A list consisting of the following components:

mu

Vector of expectations.

v

Vector of variances.

Arguments

df1, df2

Vectors of numbers of numerator and denominator degrees of freedom. Inf is allowed.

p_low, p_up

Vectors of lower- and upper-tail probabilities for Winsorizing. Each element must be strictly larger than 0, and each pair of p_low and p_up must have a sum strictly smaller than 1.

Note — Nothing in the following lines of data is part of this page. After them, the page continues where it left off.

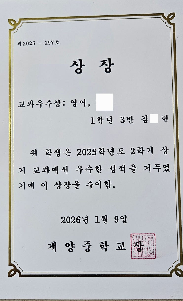2025학년도를 마무리하며 더베럴 영어에 매우 기쁜 소식이 하나 전해졌습니다. 꾸준히 공부해 온 한 학생이 2025학년도 학과 우수상을 수상했습니다. 이번 수상은 단기간의 성과가 아니라, 평소 성실한 학습 태도와 안정적인 실력을 바탕으로 한 해 동안 꾸준히 쌓아 온 노력을 결과라고 생각합니다. 수업 시간마다 집중력 있게 임하고 주어진 과제를 책임감 있게 수행하며 자신의 학습을 스스로 점검해 나가던 모습이 이런 결과를 이루도록 했습니다. 한결 같은 자세로 공부에 임한 우리 학생에게 진심으로 축하의 마음을 전합니다. 또한 늘 믿고 지지해 주신 학부모님께 깊이 감사 드립니다. 성과는 올바른 방향과 태도가 만들어 냅니다. 더베....... <img src="https://blogthumb.pstatic.net/MjAyNjAxMTNfMTE4/MDAxNzY4Mjc4ODgyNTcx.DeeN_mjzw7UwfaDPdO4k34FR9ZGJ6aC5uYNoFYO8xXkg.MF5V0Dgb4EH7BAECvsY4NHpicxgOMKOdHQAGmxUQI1Qg.JPEG/KakaoTalk_20260113_132331216.jpg?type=s3" />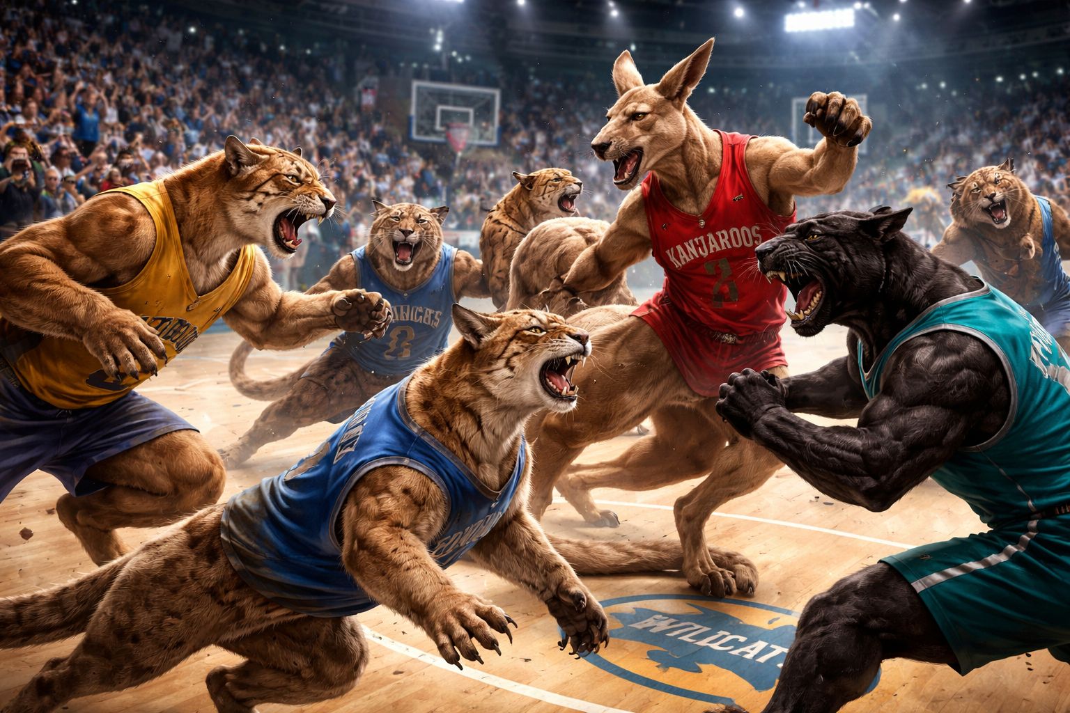Lots of cougars (Houston, BYU), panthers (High Point, UNI) and wildcats (Arizona, Kentucky) would go far. Some religious people would refuse to fight, like the Siena Saints or UPenn Quakers. Our dark horse would be the Akron Zips, which are a type of kangaroo, as they can literally box on hind legs 🦘🥊
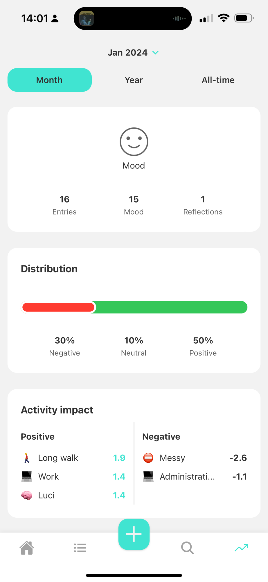 By going this detailed on Mood Tracking I hope detailed trends can be discovered such as a connection between activity + mood or perhaps being able to spot depression sooner.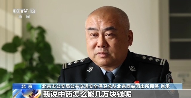 北京市公安局公共交通安全保卫总队北京西站派出所民警肖承:了解这老人是给老伴儿买药,我说买的什么药告诉是中药,我说中药怎么能几万块钱,我说这样吧大爷,我跟您去了解一下这个人在哪儿。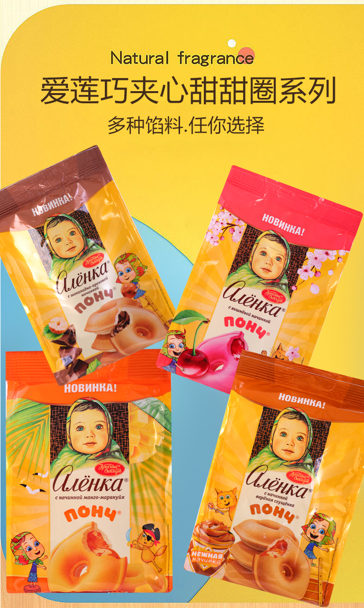 俄罗斯原装进口爱莲巧牌夹心炼乳巧克力樱桃坚果味甜甜圈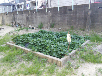体育館横の畑では、男子バスケットボール部が育てているサツマイモが順調に育っています。特に、最近の強い日差しでより一層成長したように感じます。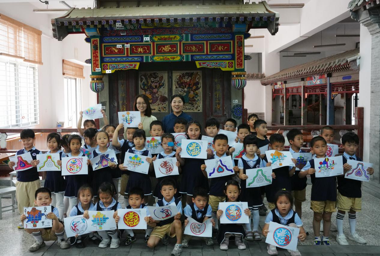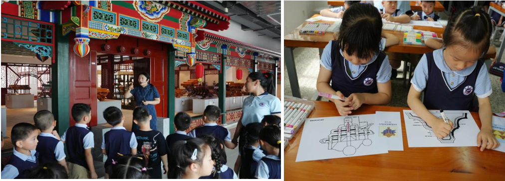 此次活动分为参观古今建筑模型区、古建筑技艺传承体验中心、古建筑彩画工作室和古建筑画作体验四个部分。参观体验过程中,于琍就木作、瓦石作、彩画作三部分进行讲解,同学们体会到中国古建筑从设计到建造,皆体现出古人的规矩制度。参观部分结束后,小同学们在古建师生的带领下,移步至技术馆一楼彩画工作室进行彩画作体验,由于琍老师进行彩画作指导,孩子们在临摹、上色中,充分实现古建筑工程技术与艺术的融合。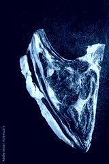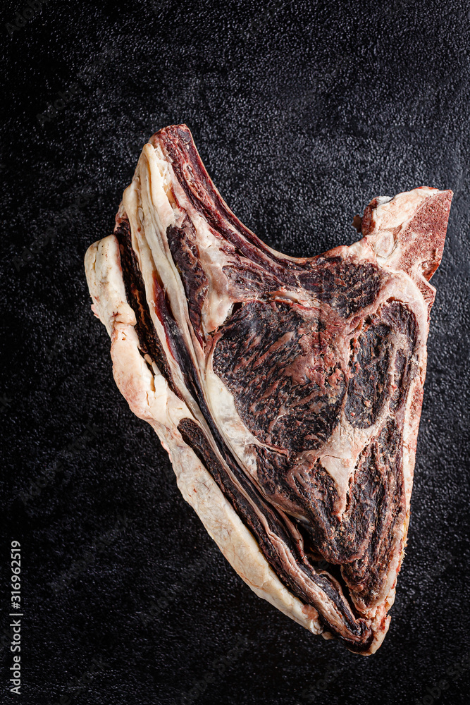 Modern kitchen. Dry aged beef, veal meat with red pepper and rosemary lies on a black background. board background image, copy space text, top view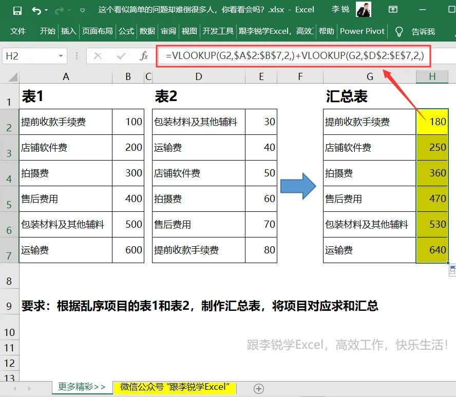 很多会用VLOOKUP函数的同学会分别从表1和表2查找项目对应费用再相加,公式如下:
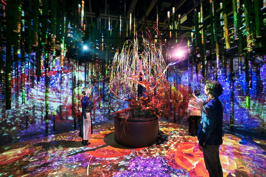 竹に耳をあてると中から音が聞こえてくる「竹林の風音(ちくりんのかざね)」を通ると、その先はいけばな草月流との先進技術の新作コラボ「茶室―調心の間―」。その場に居合わせた人の呼吸や心拍を感じ取り、息が合い、心がひとつになることでこの空間は完成されます。静かに立ち、音、香り、光に感覚を研ぎ澄まして見事な調和を感じ取ってみて。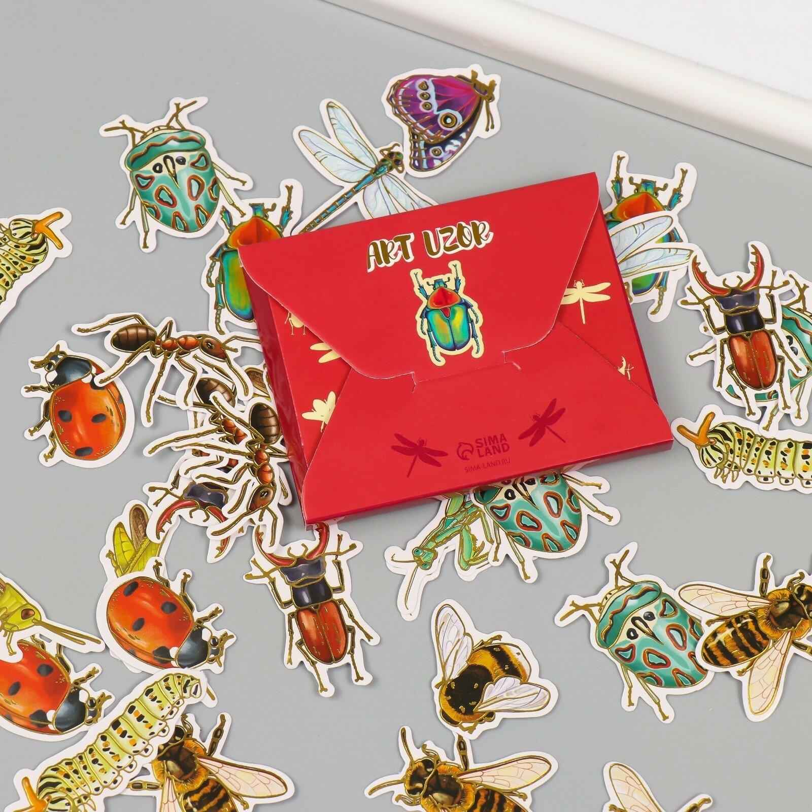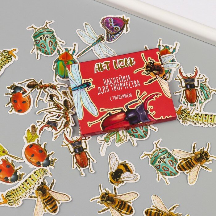 Купить Наклейки для творчества "Насекомые" тиснение золото набор 48 шт 9х7х0,8 см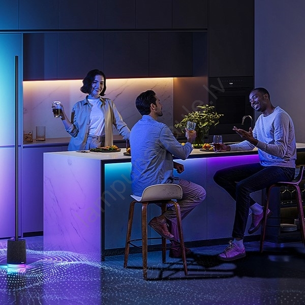 • Lampa aprīkota ar BT 5.3 skaļruni ar efektu vienību – to var izmantot kā skaļruni telefonam, televizoram vai kā baltā trokšņa ģeneratoru.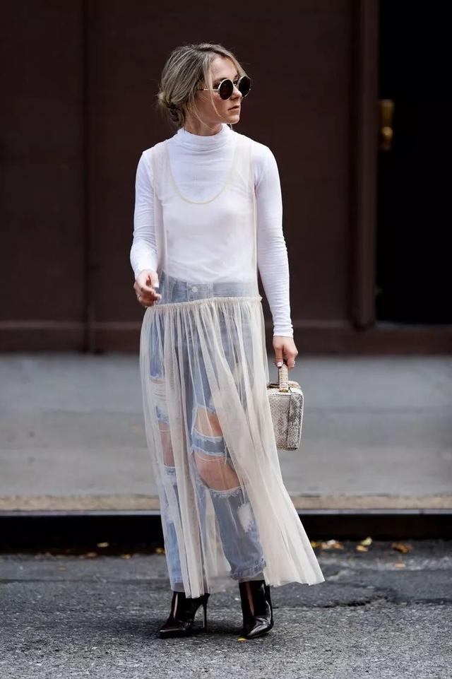 想要嘗試另類一點的穿法,你甚至可以在牛仔褲外面再套上紗裙。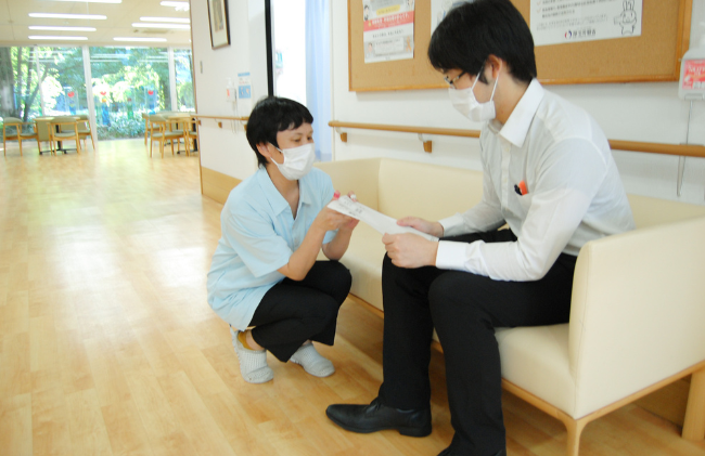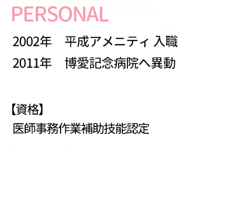 その後、体力面などから進路を再考し、医療事務の道へ。専門学校を卒業してから博愛記念病院に就職し、隣接する平成アメニティで受付事務を担当しました。電話対応や窓口での応対、介護保険のレセプト請求などを担う一方、入所者さんから声をかけていただくことも多く、傾聴を心がけていました。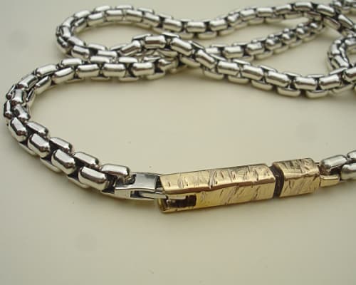 This mens designer chain necklace is one of the heaviest mens chains we feature. It consists of 6mm square sterling silver belcher chain links and a 6mm x 30mm solid brass bar catch. The total length is 18 inches.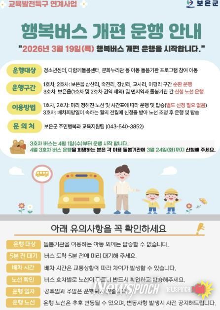 뉴스펀치 이현승 기자 | 충북 보은군은 교육발전특구사업의 일환으로 2025년 7월부터 운영 중인 ‘행복버스’를 오는 19일부터 개편 운행한다고 밝혔다.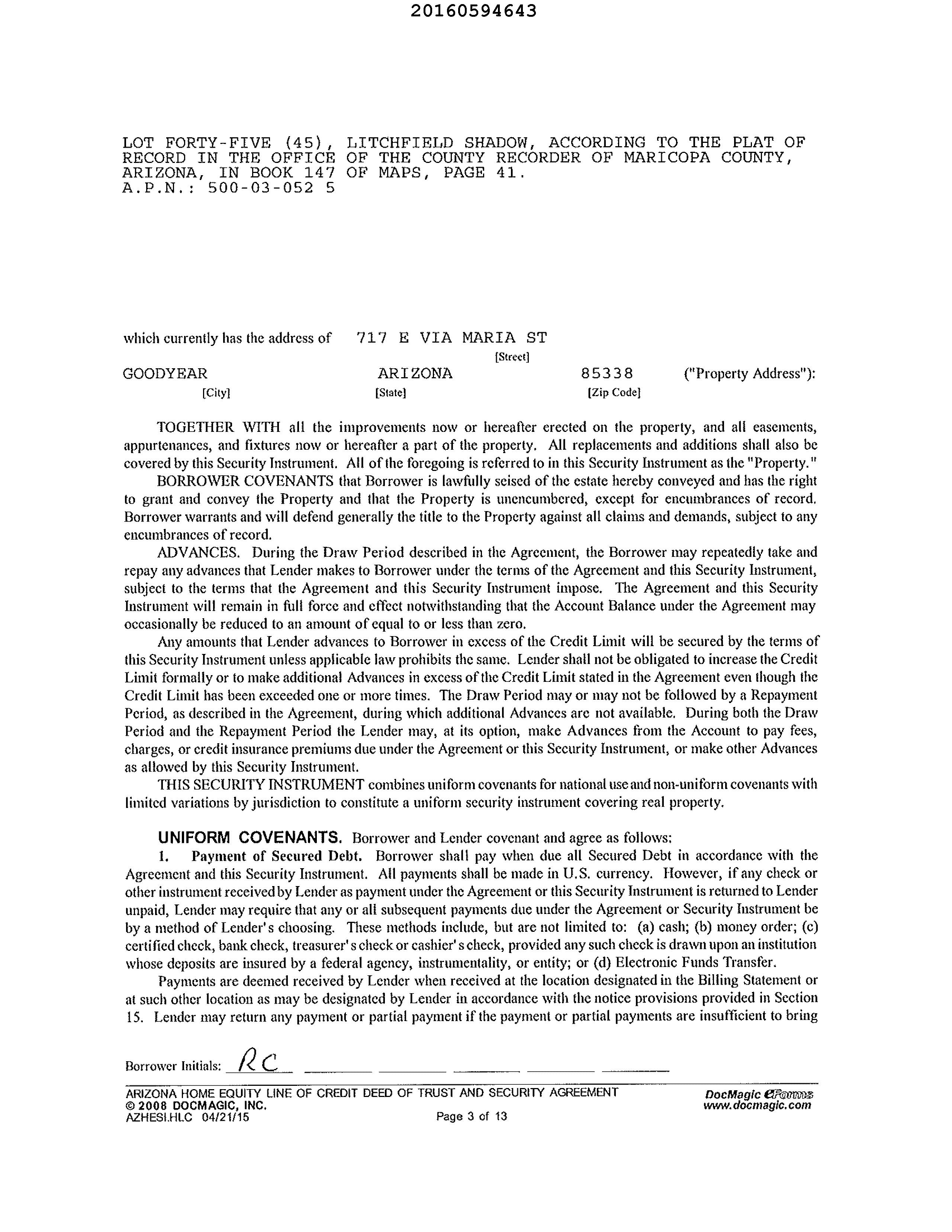 Subject Property : 717 E Via Maria St Goodyear AZ 85338 Owner Information Owner Name : Cruz Ruben L Mailing Address : 523 E Hill Dr, Avondale AZ 85323-2129 C004 Vesting Codes : Husband/wife / / Owner OccupiedIndicator : A Location Information Legal Description : Lot 45 Litchfield Shadows County : Maricopa, Az Subdivision : Litchfield Shadows Census Tract / Block : 610.63 / 1 Map Reference : 14741 Township-Range- Sect : 01N-01W-03 School District : Avondale 44 Legal Lot : 45 Munic/Township : Goodyear APN : 500-03-052 Neighbor Code : 29-009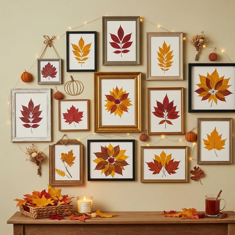 Transform your collected autumn leaves into sophisticated wall art that captures fall's fleeting beauty forever. Start by gathering leaves in various shapes, sizes, and colors during peak foliage season, selecting specimens without tears or brown spots. Press them between newspaper pages inside heavy books for two weeks, changing the paper after the first few days to prevent molding. Once dried, arrange your pressed leaves between glass frames, floating them against white or cream backgrounds for a minimalist look, or layer them over vintage book pages for rustic charm. Create themed collections like maple leaves in gradient colors from green to deep red, or mix different species for botanical diversity. Consider adding handwritten labels with collection dates and locations for a scientific herbarium feel. Group multiple frames in odd numbers for visual impact, varying frame sizes and orientations to create dynamic wall displays. This project costs practically nothing yet delivers gallery-worthy results that celebrate nature's artistry.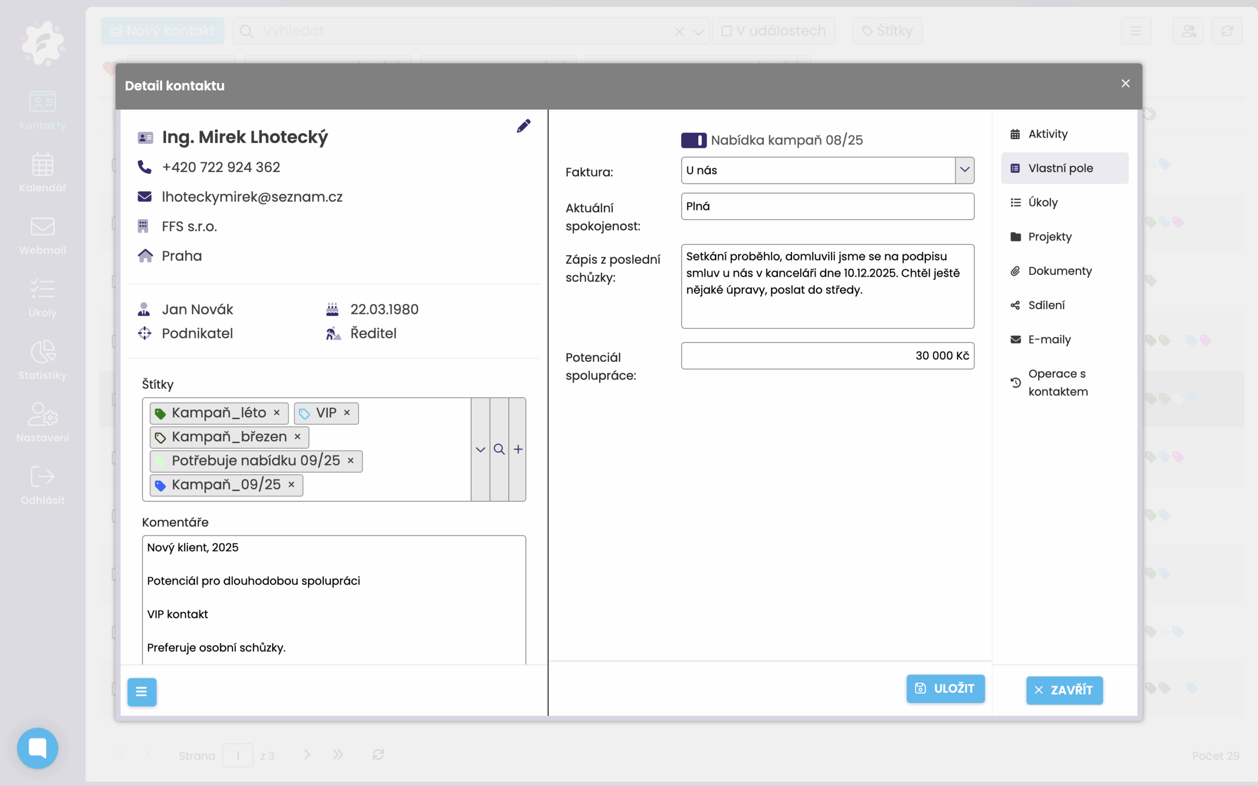 Môžete si napríklad viesť záznamy o preferovanom spôsobe kontaktu, počte zmlúv, odhade potenciálnych zákazníkov alebo frekvencii komunikácie. Vďaka rôznym typom polí máte úplnú voľnosť v tom, čo do kontaktu uložíte.

Note that df1, df2, p_low, and p_up are recycled to align with the longest of them.

nw

A list containing nodes and weights variables for calculating the definite integral of a function f over the interval [-1, 1], which is approximated by sum(nw$weights * f(nw$nodes)). By default, mean_var_logwinf uses a set of Gauss-Legendre nodes along with the corresponding weights calculated by gauss.quad.

Details

The function implements exactly the same method described in Phipson et al., 2016 (see "References").

References

Phipson, B., et al., Robust Hyperparameter Estimation Protects against Hypervariable Genes and Improves Power to Detect Differential Expression. Annals of Applied Statistics, 2016. 10(2): p. 946-963.

See Also

gauss.quad for calculating nodes and weights for Gaussian quadrature.

Examples

Run this code
# Derive the expectation and variance of a log Winsorized F distribution by
# simulation.
random_logwinf <- function(n, df1, df2, p_low, p_up) {
    x <- rf(n, df1, df2)
    q_low <- qf(p_low, df1, df2, lower.tail = TRUE)
    q_up <- qf(p_up, df1, df2, lower.tail = FALSE)
    x[x < q_low] <- q_low
    x[x > q_up] <- q_up
    x <- log(x)
    c(mean(x), var(x))
}

# Set parameters.
n <- 10000
df1 <- 2
df2 <- 2 ^ (0:10)
p_low <- 0.01
p_up <- 0.1

# Compare simulation results with those from numerical integration.
set.seed(100)
res1 <- vapply(df2, function(x) random_logwinf(n, df1, x, p_low, p_up),
               numeric(2))
res2 <- mean_var_logwinf(df1, df2, p_low, p_up)

# Compare mean.
plot(0:10, res1[1, ], type = "l", lwd = 2, col = "red", xlab = "Log2(df2)",
     ylab = "Mean")
lines(0:10, res2$mu, lty = 5, lwd = 2, col = "blue")
legend("topright", c("Simulation", "Numerical integration"), lty = c(1, 5),
       lwd = 2, col = c("red", "blue"))

# Compare variance.
plot(0:10, res1[2, ], type = "l", lwd = 2, col = "red", xlab = "Log2(df2)",
     ylab = "Var")
lines(0:10, res2$v, lty = 5, lwd = 2, col = "blue")
legend("topright", c("Simulation", "Numerical integration"), lty = c(1, 5),
       lwd = 2, col = c("red", "blue"))

# When df2 is Inf.
random_logwinf(n, df1, Inf, p_low, p_up)
mean_var_logwinf(df1, Inf, p_low, p_up)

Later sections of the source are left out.